Observer-reported outcome(ObsRO)– ObsROs are assessments of how patients feel or function in their daily lives made by a non-expert third party (spouse, caregiver, parent, sibling, etc.) ObsROs are useful when the patient themselves may struggle to reliably assess their own symptoms and experiences (i.e. children or cognitively impaired patients) A parent's report of a child's vomiting episodes A caregiver reporting a patient wincing through pain during activities when they cannot report this themselves

Patient-reported outcome(PRO)– PROs are assessments about how patients feel or function in their daily lives where the information is reported by the patient themselves, without interpretation or modification by someone else Gastrointestinal Quality of Life instrument (GQLI) European Organization for Research and Treatment of Cancer QLQ-C30 (EORTC QLQ-C30) is a questionnaire that assesses the quality of life of patients with cancer The Impact of Weight on Quality of Life (IWQOL-Lite) assesses obesity-specific quality of life measures

Performance outcome(PerfO)– PerfOs are assessments of a task(s) performed by a patient following instructions given by a healthcare professional; performance outcomes require patient cooperation and motivation Timed 25 foot walk test as a measure of gait speed Severe Impairment Battery as a measure of cognitive function

The industry generally makes a distinction between a digitally collected COA and a non-digital one (e.g., a paper questionnaire) by putting an “e” for “electronic” in front of the acronym (e.g., PRO to ePRO, COA to eCOA). Interestingly, though, the lines between technology-based assessments and questionnaires have become blurry. If a wearable monitored your sleep overnight and then in the morning asks when you went to bed – was that evidence from a sensor or a questionnaire? As technologies continue to advance, there is increasing discussion around where digital measurement tools fit within this framework.

What if some of the human raters in the COA examples above were replaced with technology? For example, a medically informed algorithm that processes movement data from a wearable to rate ataxia.

The possibility of a fifth COA to describe digital clinical outcome assessments, and specifically those measurements made using technology, was proposed during a summer 2018 Public Workshop at the FDA, though no firm next step was defined [92].

Making human assessments digital takes far more work than translating a paper questionnaire into an app and putting an “e” in front of the tool (e.g., PRO to ePRO). eCOAs have unique properties that offer new ways to measure outcomes. What matters is whether the concept being measured is directly meaningful to patients.

Take for example, multiple sclerosis (MS). “Ability to go about my daily activities” is a meaningful aspect of health to MS patients.

  • A PRO (or even ePRO!) could measure a person's ability to perform activities of daily living through a self-reported survey. Self-reported measures require the person to reflect on and assess their own ability, leading to data that are meaningful to that individual, but potentially fraught with person-to-person variability, and subject to recall bias.

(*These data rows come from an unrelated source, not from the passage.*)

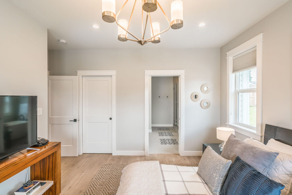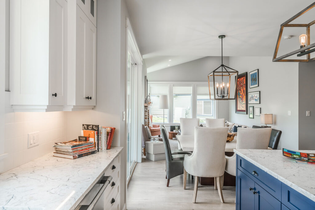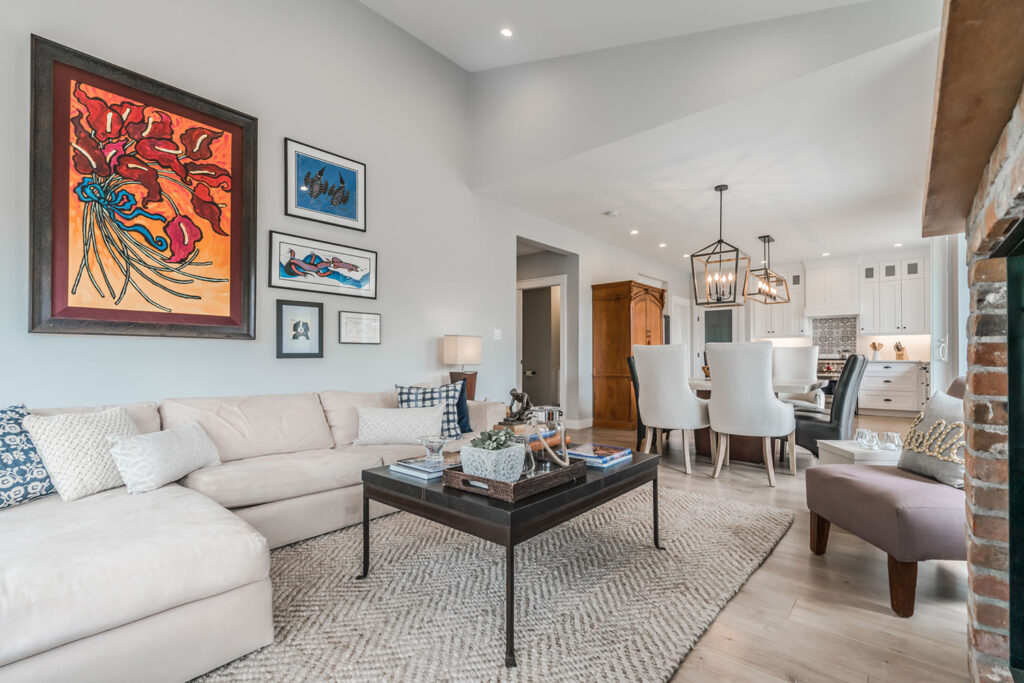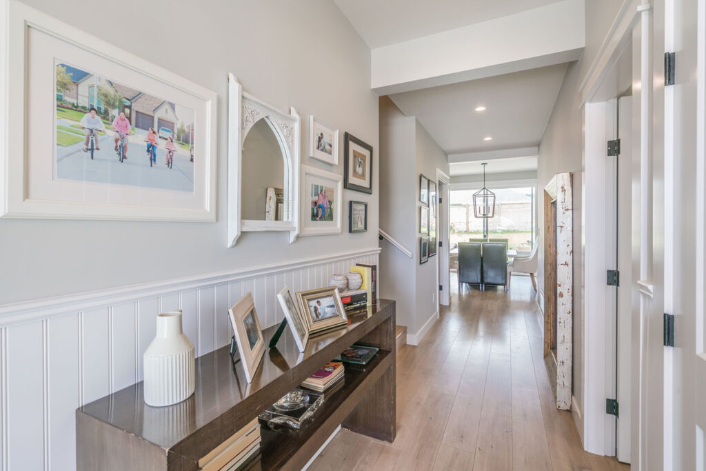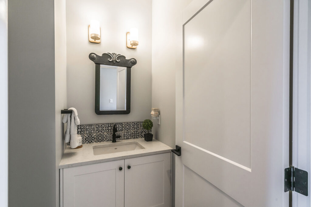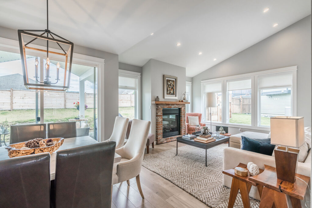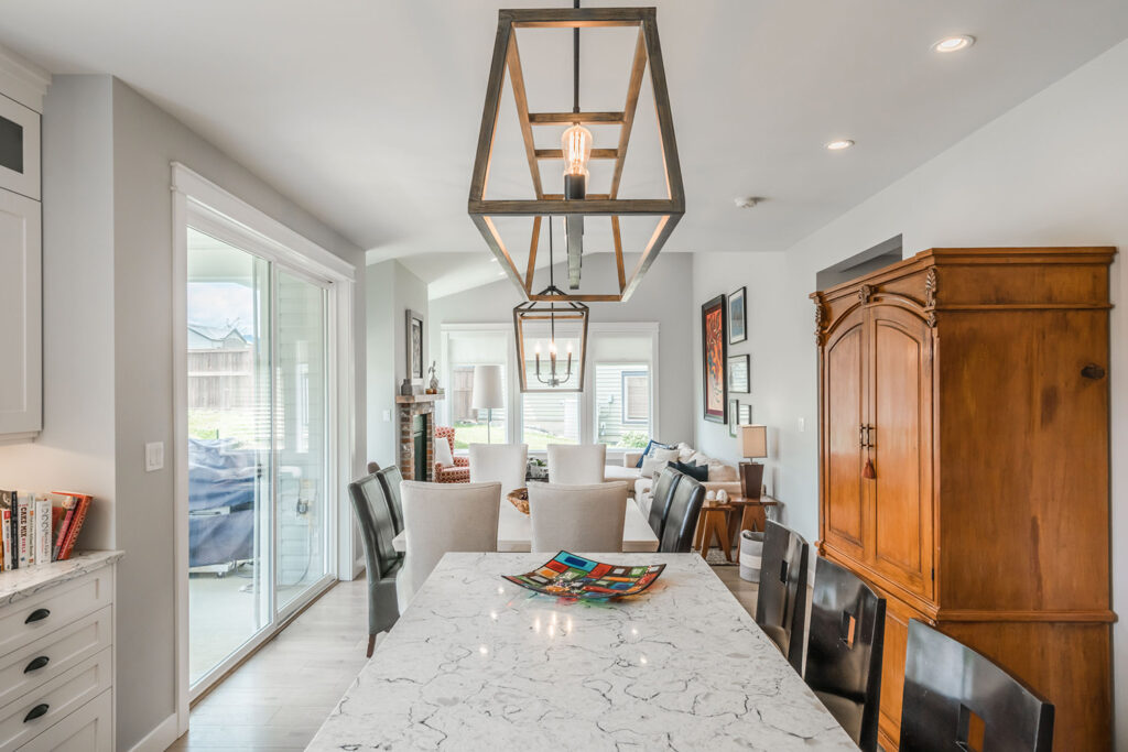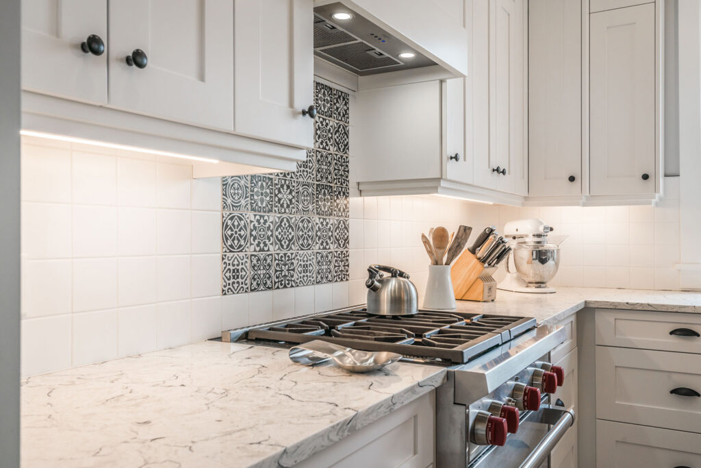 This custom 2-storey family home features a bright, modern kitchen with custom cabinetry, multi-purpose kitchen island, hardwood flooring, and a gorgeous tile backsplash.
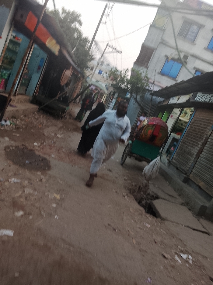 - "The image depicts an unpaved street scene in Tarabo, Bangladesh, populated by individuals and surrounded by structures under an overcast sky" by FM-nGXIE2, licensed under CC BY 4.0
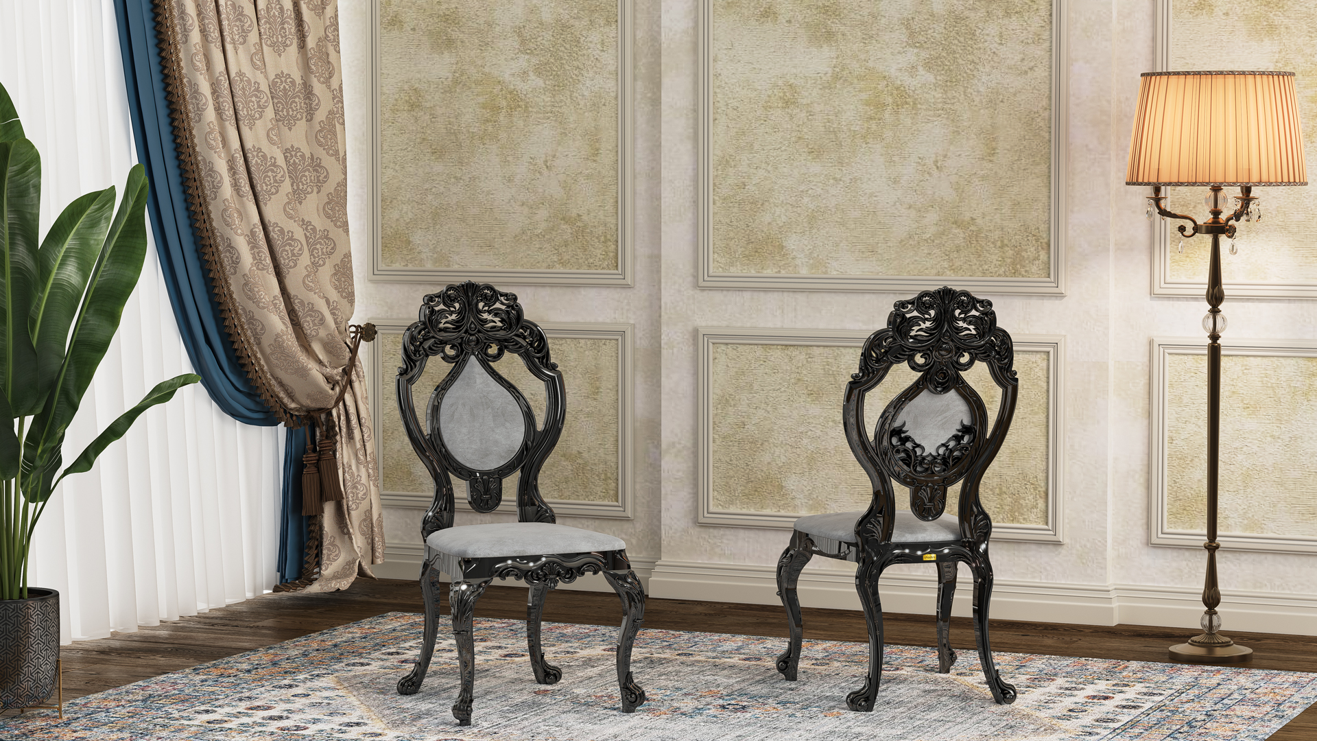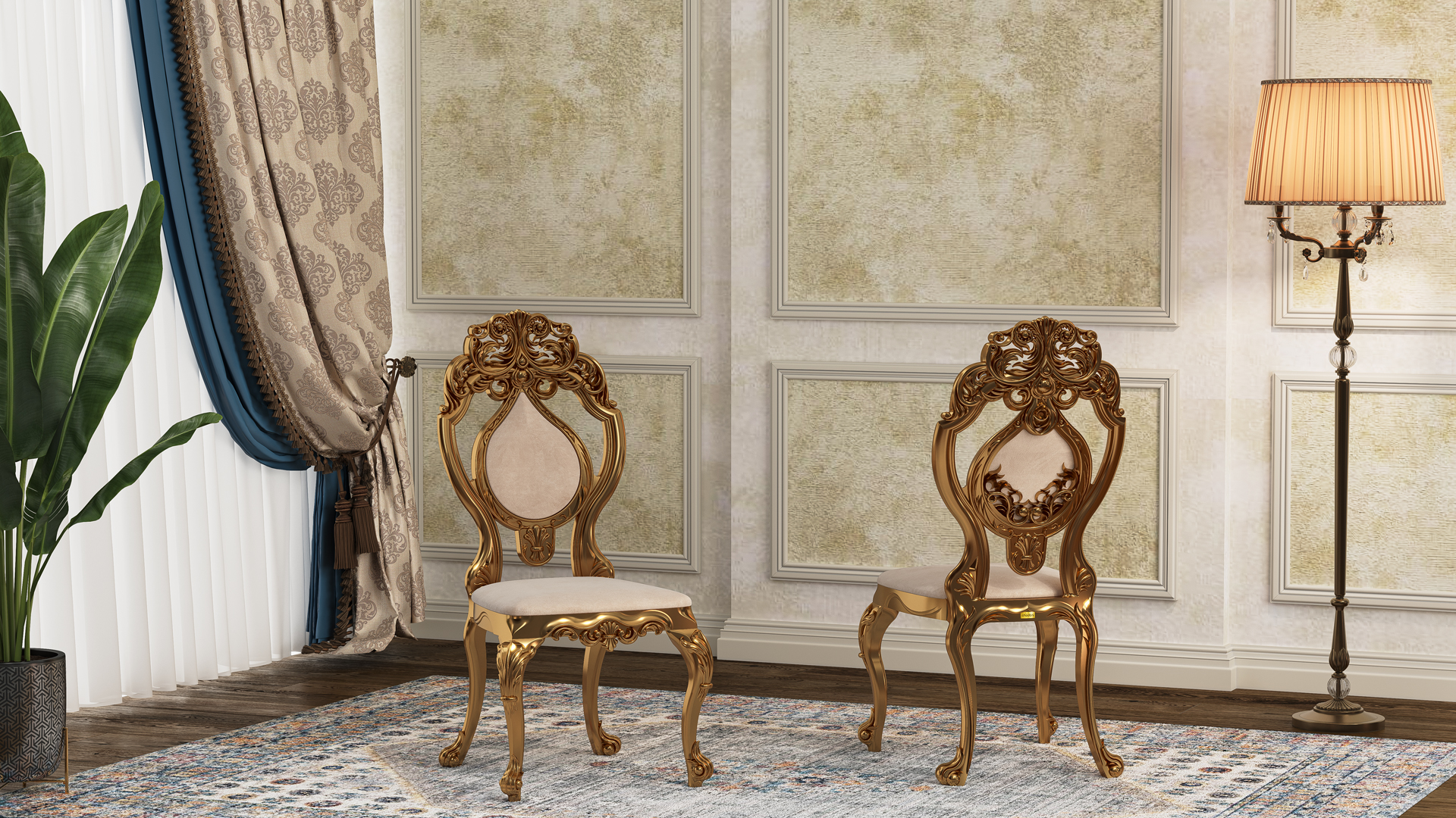 گویی هر خط و انحنای صندلی تالاری دیاموند داستانی از دوران باشکوه گذشته را در خود نهفته دارد. این صندلی با جزئیات حکاکیهای دقیق و طراحی منحصربهفردش، اصالت هنرهای ظریف سبکهای باروک و روکوکو را به نمایش میگذارد. پشتی و پایهها با انحنا و تزئینات برجسته خود، فضای داخلی را به اثری هنری و بیهمتا تبدیل کرده و جلوهای از شکوه را به دکوراسیون اضافه میکنند.

  • A PerfO might measure the amount of time it takes a person to walk 25 yards. This is easy to measure and may be correlated with the capacity to perform typical daily activities. This approach has the benefit of not relying on patient recall, but it is an imperfect measure of the real outcome of interest – ability to perform daily living tasks in a natural environment.

  • A multimodal product may continuously and passively assess total daily activity (mins), average daily walking speed (m/s), and number of sit-stand transitions per day (n). This is a much, much closer approximation of the meaningful aspect of health than the PerfO or even the “ePerfO,” but is not accompanied by the bias and subjectivity of the PRO or ePRO.

We can also combine multimodal data from sensors, questionnaires, and other clinical data (e.g., lab test, genomic tests) to create composite measures or “complex biomarkers”[91]. A composite measure consists of several individual measures that are combined to reach a single interpretive readout. For example, you could use sensor, keyboard, voice and speech data from a smartphone to construct a composite measure for cognition, and augment that measure over time with genetic data to make it more multimodal [93] (Fig. 9).

Fig. 9.

Fig. 9

Human participation. Connected technologies can collect physiological and behavioral data. Some do so passively via sensors, while others (like sleep tracker surveys) may be more active in nature. Some are a hybrid where they will track some metrics algorithmically and then ask for confirmation.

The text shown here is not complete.